The field of supply chain dynamics has been well known, even to the point that an MIT PhD named Barry Richmond built a software package (i.e. STELLA/iThink) that could model things like supply chain dynamics very effectively on a PC decades ago.  Well before that, some of us were doing flow modeling on large RCA and IBM mainframes back around 1970.  Having been a long-time user of the PC simulation software, I found it was a great aid to helping others, as well as myself, better understand the nuances of supply chains dynamics.  Unfortunately, IMO, many of today's government "experts" have little or no understanding of the subject, if they even know it is a subject to be considered.  If they did, the lockdown would never have happened the way it did.  - End Of Rant -


----------



## StarSong (Jun 3, 2021)

Very informative video with plenty of valid points, especially: 

1. Global sourcing has gotten everyone accustomed to being awash in extremely inexpensive goods. 

2. Problem is that with just-in-time inventories being the modern business model, any supply chain disruptions are enormously painful because so little backup supply is available. 

What he didn't mention is human nature to hoard when we believe our supply of necessities is threatened.
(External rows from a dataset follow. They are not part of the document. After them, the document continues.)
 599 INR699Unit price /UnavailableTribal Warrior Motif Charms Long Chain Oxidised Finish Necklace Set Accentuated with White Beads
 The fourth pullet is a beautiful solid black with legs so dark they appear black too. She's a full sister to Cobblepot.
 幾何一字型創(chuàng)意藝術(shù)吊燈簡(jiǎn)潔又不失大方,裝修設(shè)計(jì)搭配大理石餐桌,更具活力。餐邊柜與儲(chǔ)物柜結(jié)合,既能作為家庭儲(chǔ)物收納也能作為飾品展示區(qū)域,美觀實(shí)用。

He also didn't comment on the huge impact of offshore manufacturing and procurement of so many foods, and consumer goods, both durable and non-durable.

A couple of other comments: 

The ports of Los Angeles and Long Beach have long been operating beyond optimal capacity. 
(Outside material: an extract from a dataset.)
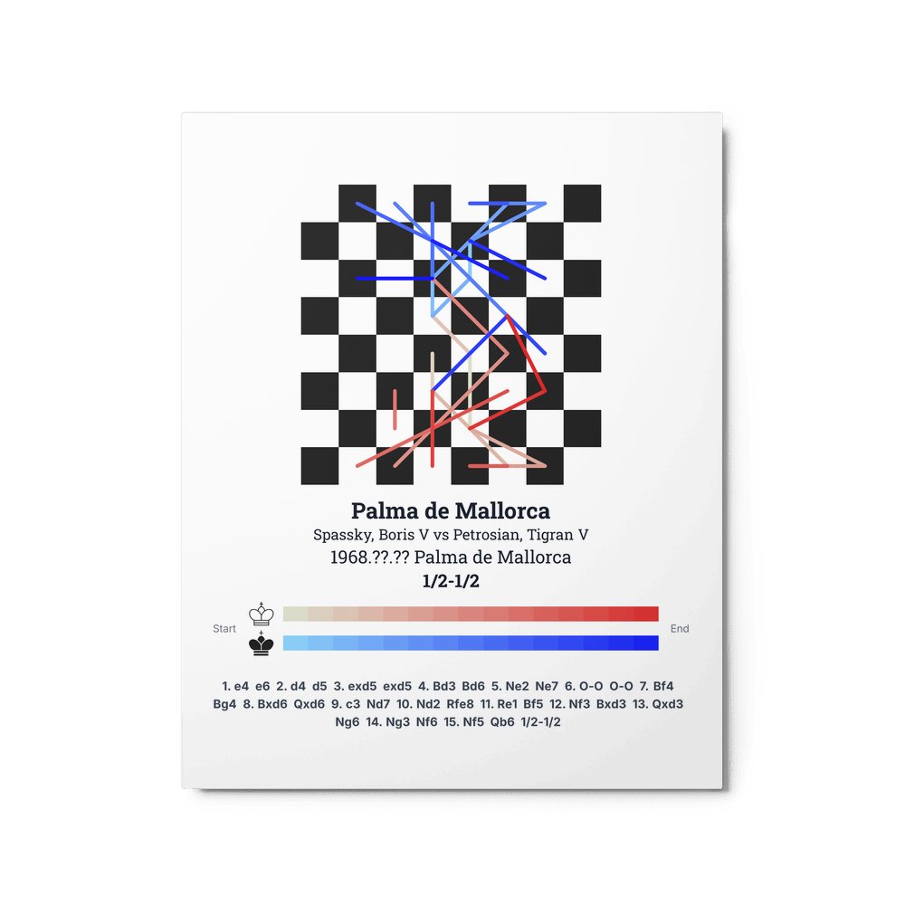 Museum-quality poster on thick, durable matte paper. A sharp, clean look for any chess visualisation.

The shortage of US truck drivers exists because companies don't want to pay them adequately.  Many truck drivers have opted for other occupations because of too-low pay and difficult working conditions.   Like most professions that don't require years of specialized schooling, if you pay them, they will come...  
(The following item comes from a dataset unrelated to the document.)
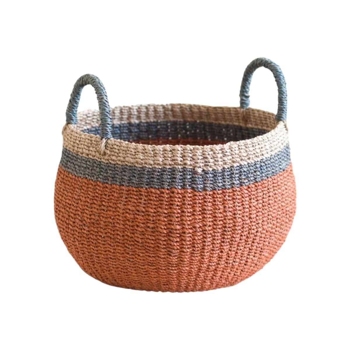 A beautifully crafted coral and sky blue catch-all basket to brighten up your home. Use it to store everyday objects, your favorite houseplants, or even take it to the farmer’s market. Our all-around handwoven baskets are stylish and functional, adding a natural vibe to just about any room. Display individually or pair it with other baskets for more impact. Each piece is carefully handcrafted by artisans in the Philippines, and made sustainably with manila hemp. Every purchase goes towards empowering our artisan communities. Since each piece is handwoven, please expect slight variation in design, color, shape, and size.

Thanks for an interesting watch, @hollydolly.


----------



## Sunny (Jun 3, 2021)

Fascinating!  Thanks, Holly.


----------



## JonDouglas (Jul 14, 2021)

I've a supply chain story.  One of our counter stools collapsed the other day.  We got it at place a decorator acquaintance strongly recommended but it turned out to be China-made crap.  After several attempts at gluing/clamping it back together, the chair literally disintegrated into about 6 pieces the other day and the other one isn't far behind.  Those chairs were the one time I didn't get American furniture made by craftsmen.  So today we drove to a furniture store that sells mostly high-quality, Amish-made, solid-wood furniture.  With nothing in stock except the the store model, we ordered two, specifying type of wood and finish. 

My lower jaw almost hit the floor when the store owner said it would be at least 7 months before we got them.  He said the supply chain problem was bad, getting worse and that inflation was becoming a serious problem.  As you know, increasing scarcity of goods (currently caused by supply chain problems) can trigger inflation if there's too much money chasing it.  As it is, the Fed has been pouring money into the economy with the idea of stimulating it.  Instead, they're stimulating inflation.  Not seeing any near-term relief from increasing prices, we put 50% down to lock in the price and signed the order.    Anyway, below is the chair (not the finish) we won't be getting any time soon.


----------



## squatting dog (Jul 15, 2021)

I just can't believe that a lot of these "shortages" aren't man made and therefore provide an opportunity to increase the price. Perfect example... last week in a Florida Home Depot, There was stacks and stacks of OSB. All yours for a paltry $45 a sheet.  Paying 45 bucks for a sheet of osb that last year cost me a whopping $8 and change kind of makes me think that this shortage has never existed.


----------